Bless you for taking the most needy dog at the shelter.  You have to wonder how he got there.  I can't even imagine wrangling a big dog like that.  I have trouble doing things (like nail clipping) with some of my cats - weighing ten pounds or less.


----------



## gazoo

sdkitty said:


> Bless you for taking the most needy dog at the shelter.  You have to wonder how he got there.  I can't even imagine wrangling a big dog like that.  I have trouble doing things (like nail clipping) with some of my cats - weighing ten pounds or less.



I feel cats are something else entirely. Their strength and hissing, ouch. That hissing messes with my head. I wrapped our cat in a blanket for over 2 years in order to get his nails done. Then one day he just thrust his paw out and pointedly wouldn't look at me before I could finish wrapping him up in the blanket we always used. After that day, he was chill about it. But for the 2 years, he managed a lot of deep scratches and painful bites, even with the blanket protecting me somewhat. Little hellion. LOL He was a feral stray when we adopted him, and he never really became domesticated, per se.

According to the shelter's paperwork, George was found in a rural part of town, and had crossed into a farmer's land. The farmer called animal control, who came out and "caught him". He was timid at intake and very weak. Just a throw away like too many poor animals are. The shelter vet had to cauterize some of his wounds, his dew claw was ripped and hanging. They also neutered him. He was heart worm negative which is odd considering the climate and prevalence of HW where we live. Maybe he hadn't been out long. Our vet said he was between 9 months to 1.5 years old, but it's just a guess really. He still had fresh stitches when we brought him home. He was quiet as a mouse for 3 weeks. He had severe diarrhea for exactly 21 long days. Many visits to the vet. Then he snapped to his present personality, which is piss and vinegar spunkiness of a puppy and an iron stomach.


----------



## sdkitty

gazoo said:


> I feel cats are something else entirely. Their strength and hissing, ouch. That hissing messes with my head. I wrapped our cat in a blanket for over 2 years in order to get his nails done. Then one day he just thrust his paw out and pointedly wouldn't look at me before I could finish wrapping him up in the blanket we always used. After that day, he was chill about it. But for the 2 years, he managed a lot of deep scratches and painful bites, even with the blanket protecting me somewhat. Little hellion.

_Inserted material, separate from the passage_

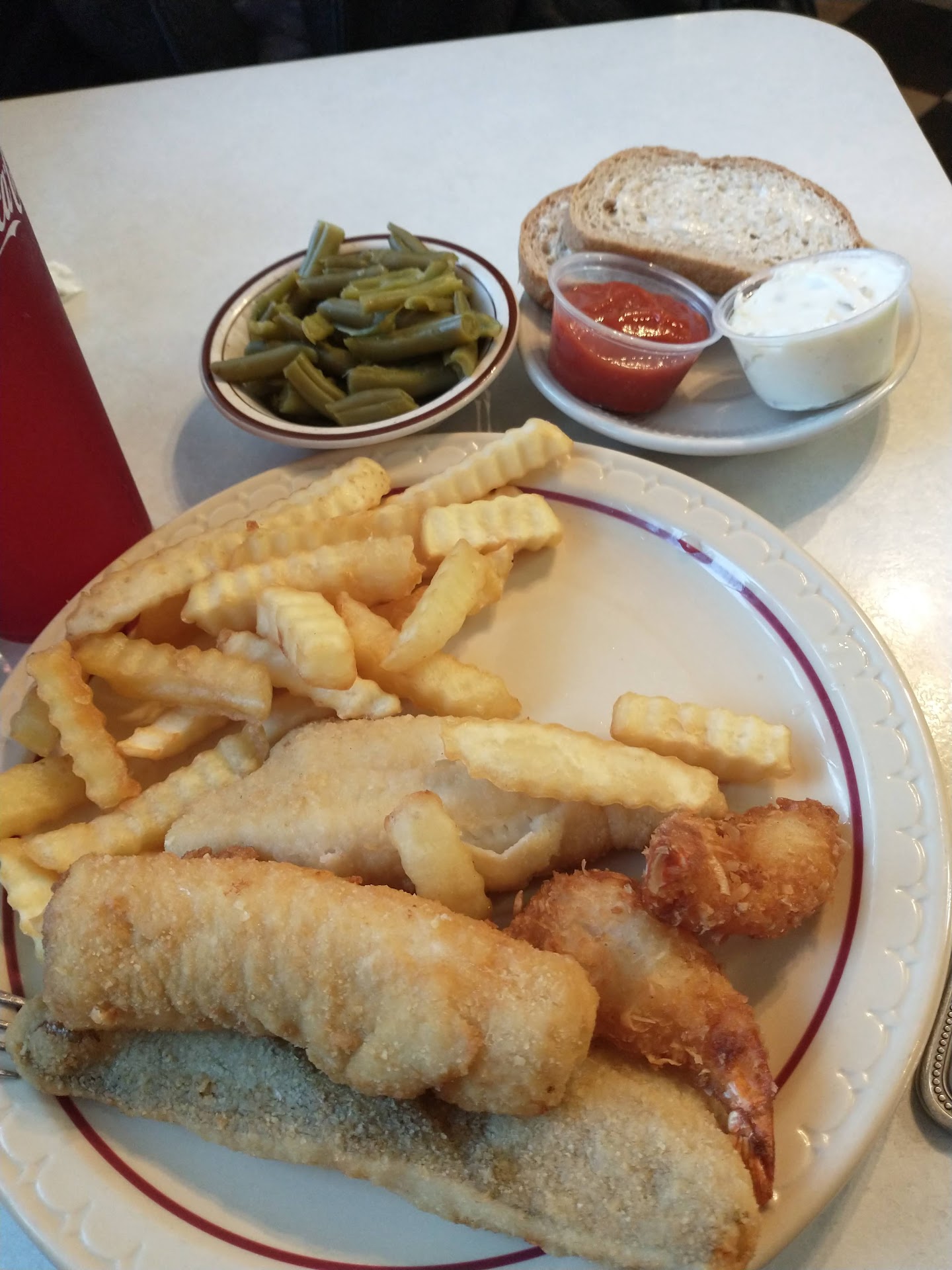 We were looking for a place to grab a soup & sandwich (BLT) on our way home from camping and found this place listing homemade soups! Our experience here was... interesting. If you've ever been in Ed Debevic's in Chicago, I thought we were walking into the small town version of that, but nope it was real life. We walked in to this small little diner that was not busy, 2 tables & 1 other person at diner, and awkwardly, no one said a word to us. We seated ourselves at the diner stools, looked through the menu, and shortly the young waitress (wish we got her name, because she was excellent) asked if we were ready to order. She was very kind & attentive, and made & delivered excellent food - BLT, homemade clamchowder soup, coleslaw, and a large piece of cheesecake! There was a lot of bickering & grumbling going on behind the counter between the other 2 waitresses (1 being the owner), maybe this is normal for the locals, but it was a bit off-putting for when you're just trying to chill and enjoy your lunch. Overall great food & our waitress...

LOL He was a feral stray when we adopted him, and he never really became domesticated, per se.
> 
> According to the shelter's paperwork, George was found in a rural part of town, and had crossed into a farmer's land. The farmer called animal control, who came out and "caught him". He was timid at intake and very weak. Just a throw away like too many poor animals are. The shelter vet had to cauterize some of his wounds, his dew claw was ripped and hanging. They also neutered him. He was heart worm negative which is odd considering the climate and prevalence of HW where we live. Maybe he hadn't been out long. Our vet said he was between 9 months to 1.5 years old, but it's just a guess really. He still had fresh stitches when we brought him home. He was quiet as a mouse for 3 weeks. He had severe diarrhea for exactly 21 long days. Many visits to the vet. Then he snapped to his present personality, which is piss and vinegar spunkiness of a puppy and an iron stomach.

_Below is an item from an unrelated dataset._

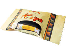 TORRONE FARCITO CON PAN DI SPAGNA IMBEVUTO DI LIQUORE STREGA RICOPERTO DI CIOCCOLATO FONDENTE.
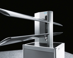 La nuova turbina eolica, denominata ‘DualWingGenerator’ e ideata dal gruppo internazionale Festo, è costituita, in particolare, da una piccola colonna verticale che supporta una coppia inferiore e una superiore di lame, della misura di 250 centimetri.

wow, you were really angels for George.  I'm sure he's super grateful to have a wonderful home with you.  You have to wonder how and why people abandon animals.  Our cat who passed last year showed up at our back door.  Super tame and healthy looking, nothing feral about him.  He was approx a year old.  We figured maybe someone decided when he wasn't a kitten anymore they didn't want him.  He was the sweetest most docile cat I've had.
Re nail clipping.  We've had the current two since January.  The little girl has a tendency to play with her claws out.  I was able to catch her while she was resting in the cat condo and clipped her nails with little resistance.  Haven't cought my boy in a similar position where I can reach 
him yet.  I'm afraid he may give me more trouble.  He was Hell to take to the vet.  But at least he keeps his claws in when interacting with us.


----------



## BevS813

Irishgal said:


> Gosh I guess I need more coffee!


So stinking cute! I have a soft spot for Dachshunds!


----------



## chowlover2

gazoo said:


> We've had George for 5 months. We went in blind, not really knowing what we'd be dealing with. Never had a Dobie, although we've had hounds before. We've had Rottweilers, but he isn't really like a Rottie at all. I hope to get a DNA panel on him done after everything settles down in the world.
> 
> He's VERY protective of the house/us/yard, very brave, and very crazy. He eats everything in sight. Frogs, butterflies, lizards, snakes; he's a bit of a nightmare. I think since he was homeless he was used to eating anything and everything to get by. He's decimated our plants too, chomping away. Curiously he never goes for the garbage. We have poisonous frogs and snakes here, so I'm a nervous wreck all the time. He even unearthed a mole, but I was able to get him to drop it before he killed the poor creature. His stomach is like iron, nothing makes him sick. A far cry from our Wolfhounds that had chicken allergies and overall sensitive stomachs.
> 
> These were the shelter pics. And they didn't really show the scope of his skeletal frame that was visible to the eye.


Those eyes,  he would get anything he wants.


----------



## Irishgal

Sigh


----------



## CanuckBagLover

Irishgal said:


> Sigh


I'm laughing hilariously at this photo!


----------



## Irishgal

CanuckBagLover said:


> I'm laughing hilariously at this photo!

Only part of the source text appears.